弐
二人が出発した街は円状に広がっており、街外と面する位置には、壁が築かれている。
その為、出入口は人工的に設けられた四つの門だけなのだが、ここで一つの問題が発生する。
普通ならば、門は真南・真北・真西・真東の四つだが、あの街は何故か東北・北西・南西・南東の向きにある。
「だから、北と言われても二つ門がある。南に向かうわけにもいかないし、選んでみた」
「それで見事に当たりを引いた訳かよ!! くじ運悪いなお前!」
説明と言う名の言い訳を飛び掛かって来る狼を叩き潰しながらにしてくる少女に、少年は投げやる様に叫ぶと、大剣を横薙ぎに払う。
しかし、狼は仲間がどれ程地面で血塗れで動かなくなっても、飽きることもせずに次々と襲いかかってくる。
「あぁクソッ! 何こいつら、本当に野獣かよ?!」
「魔獣の霊気が無いから、野獣でしょ」
狼の毛深い頭蓋を砕き、軟らかそうな腹を真っ二つに切り裂く。
しかし、赤や紫等の小さな内臓諸々が嫌な音を立てて地面を赤く染めようとも、狼の群れは後を絶とうとしない。
「あぁもう面倒臭い!!」
子供が遊んでいた玩具に飽きて、親に構えと言うような乱雑口調で剣を振り回す。すると、僅かながらに狼達が怯む。

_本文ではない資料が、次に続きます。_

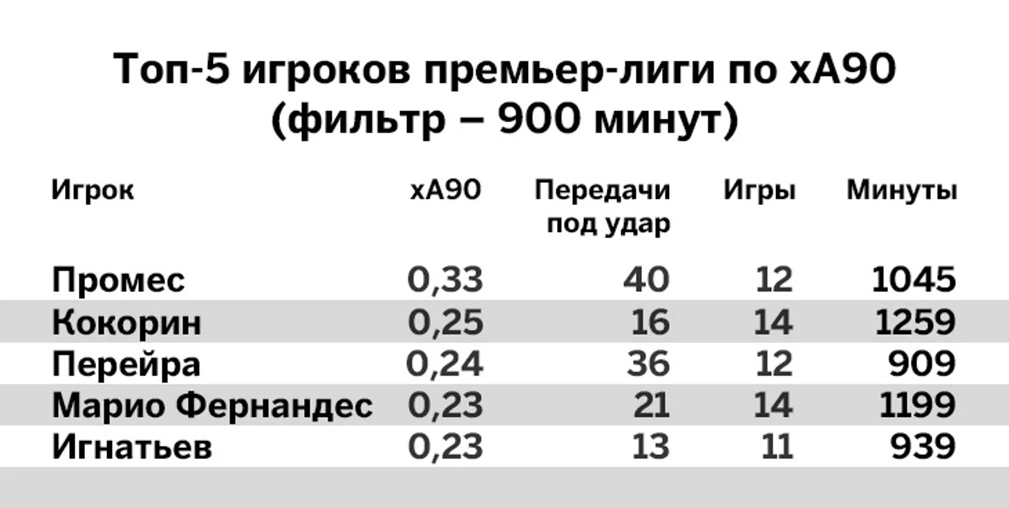 Игнатьев так и остался для Семина главным вариантом справа. Владислав отлично провел конец июля-начало августа: в шести матчах подряд он делал минимум одну передачу под удар. Продуктивные действия в матчах со СКА и «Анжи» позволяют Игнатьеву до сих пор удерживаться в топ-5 по xA за 90 минут.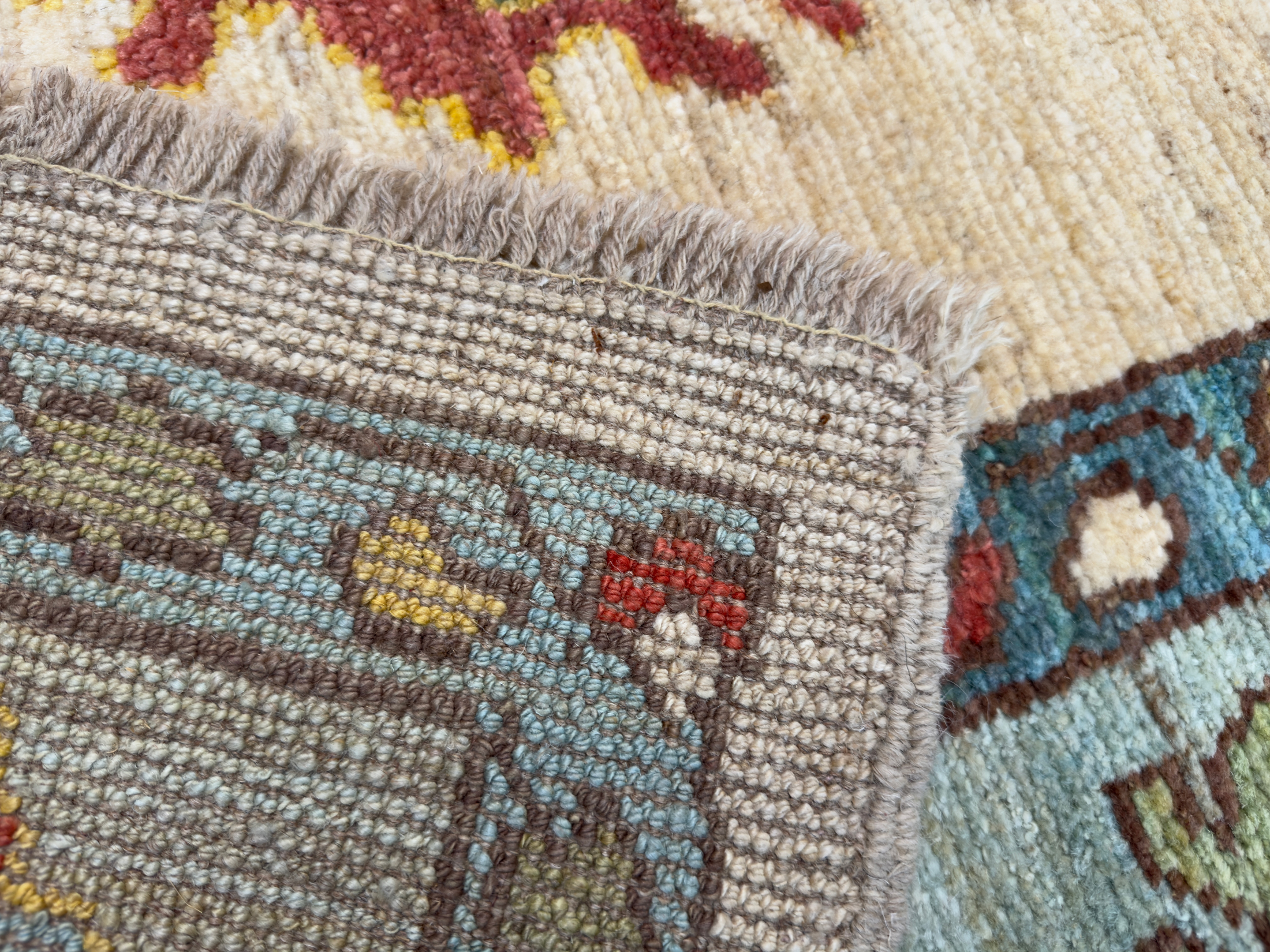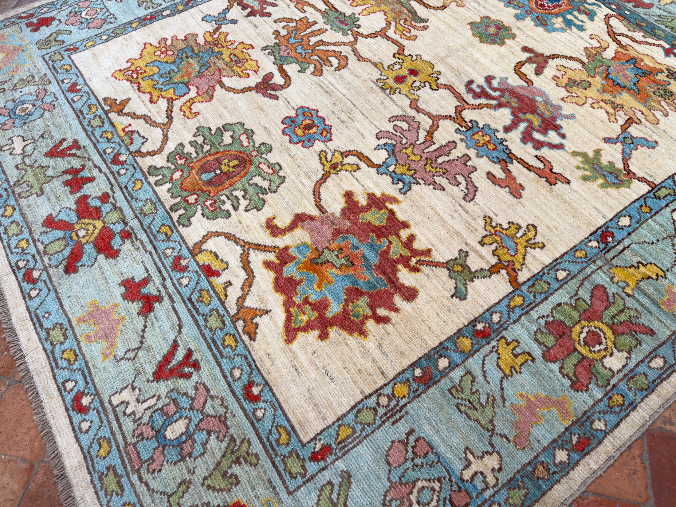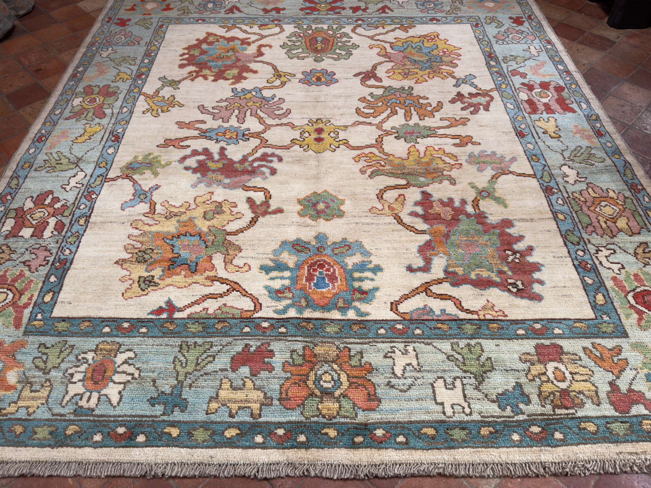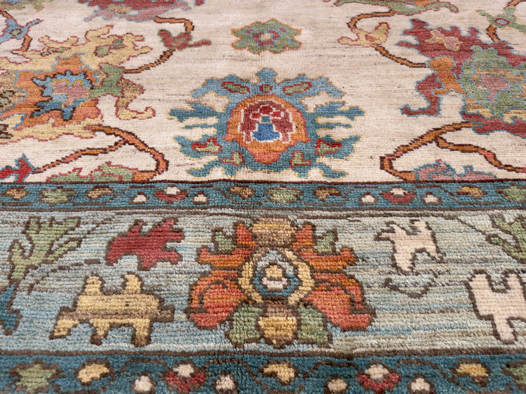 Using famous designs from antique Ushak carpets, with large scale palmettes and an open design, this is a contemporary Ushak carpet using light greens, soft reds and blues, all hand-woven using soft wool and natural dyes.
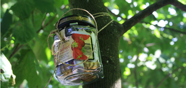Seitenwechsel: Jetzt möchte ich selber einen Cache verstecken. Ein Marmeladenglas ernenne ich zu meiner Schatztruhe, aber was kommt hinein? Goldmünzen aus Schoko-Kaubonbon dürfen nicht fehlen – da meldet sich das Kind in mir. Außerdem ein Spruch: „Wir suchen niemals die Dinge, sondern das Suchen nach ihnen.“Die Schatzsuche stimmt philosophisch. Und ein Brief an meine Caching-Kollegen mit der Aufforderung, einen anderen Begriff für „Muggel“ zu suchen und diesen aufzuschreiben. Dann kommt noch das selbstgebastelte obligatorische Logbuch in das Glas – Papierstreifen, die mit einem Band zusammengehalten werden. Neben einem Baugrundstück werde ich fündig. Von der Betonmauer aus kommt man prima an die oberen Äste der Bäume. Mit einer dicken Schnur binde ich das Glas an einen Ast und taufe den Cache auf den Namen „Bienennest“. Keiner bemerkt mich, wie ich den Stamm umklammernd in der Baumkrone hänge. Alle „Muggel“ gehen blicklos vorbei.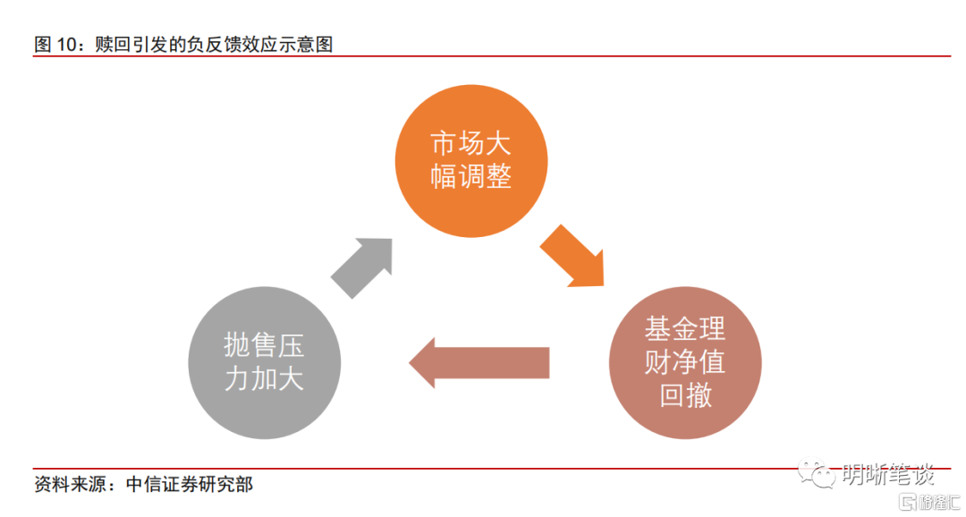 銀行理財和基金客戶習慣於“追漲殺跌”,申贖行爲的“順週期性”往往會放大市場波動,再度引發淨值調整,繼而再度激起贖回壓力,形成負反饋效應。投資者由於金融知識的相對有限和出於追漲殺跌的心理本能,對於市場的短期波動忍受度較差,容易引發贖回行爲,而機構往往被迫跟隨贖回。當理財和基金拋售壓力較大時,又會引發市場繼續調整,繼而進一步影響淨值,繼續引發贖回壓力,形成“債市下跌-淨值回撤-產品贖回-被動拋售-債市繼續下跌…”的負反饋模式。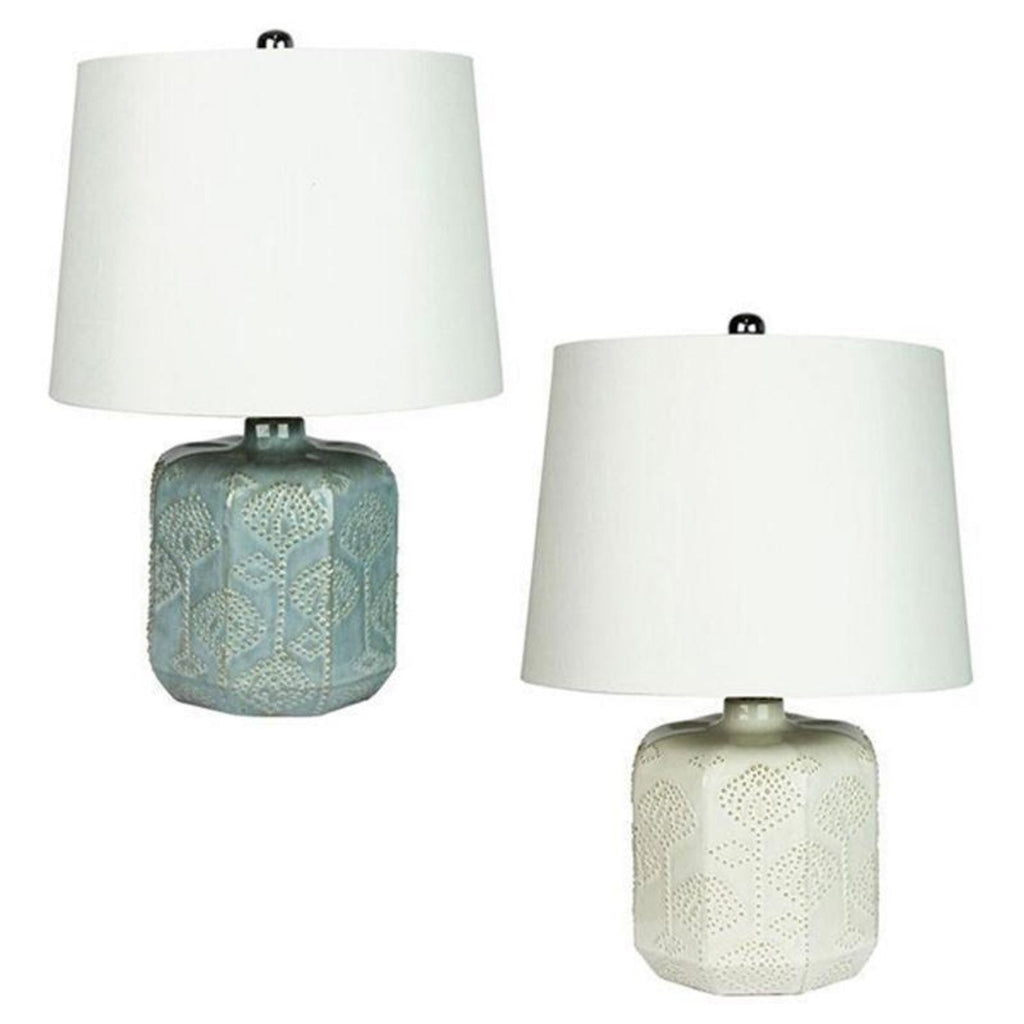 Bikki Table Lamp Embossed Ceramic E27 BL/WH Oriel Lighting OL97971BL, OL97971WH

その一瞬の隙に、危ないと文句を言う少女を担ぎ上げた。
「な………ッ?!」
「おぉっと、文句は無しだぜ?」
近付いてくる狼を片手で振り切りながら、少し先に見える森を指差す。
「あの森でこいつら撒いて、北に直行!! どうだ!?」
「馬鹿じゃな………ひゃうっ?!」
異論を唱えようとした少女を人並み外れた大跳躍でつぐませ、空高くから森の深さを確認し、着地体勢をとる。
「目的は達成出来る! 問題無し!!」
不敵な笑みで見事に着地した少年は、呆気にとられた狼の集団に振り返り、
「やーい、間抜け野獣ー!」
「ちょっ?!」
少女が止める間もなく、少年が叫んだ。
と、
「がルルルルゥゥゥッ……!!」
言葉の意味が伝わったのかどうかは不明だが、怒りを買ったのは間違いない無さそうだ。
低い唸り声を上げ、狼達の目付きが一瞬で鋭くなる。
「あ、やべ」
後悔の呟き。しかし、後悔先に立たず。
何十匹もの狼が怒り任せに迫ってくる。
「に、逃げようっ!!」
「最初からそうすれば良かったでしょ?!」
少年は文句を言う少女を担いで走り出した。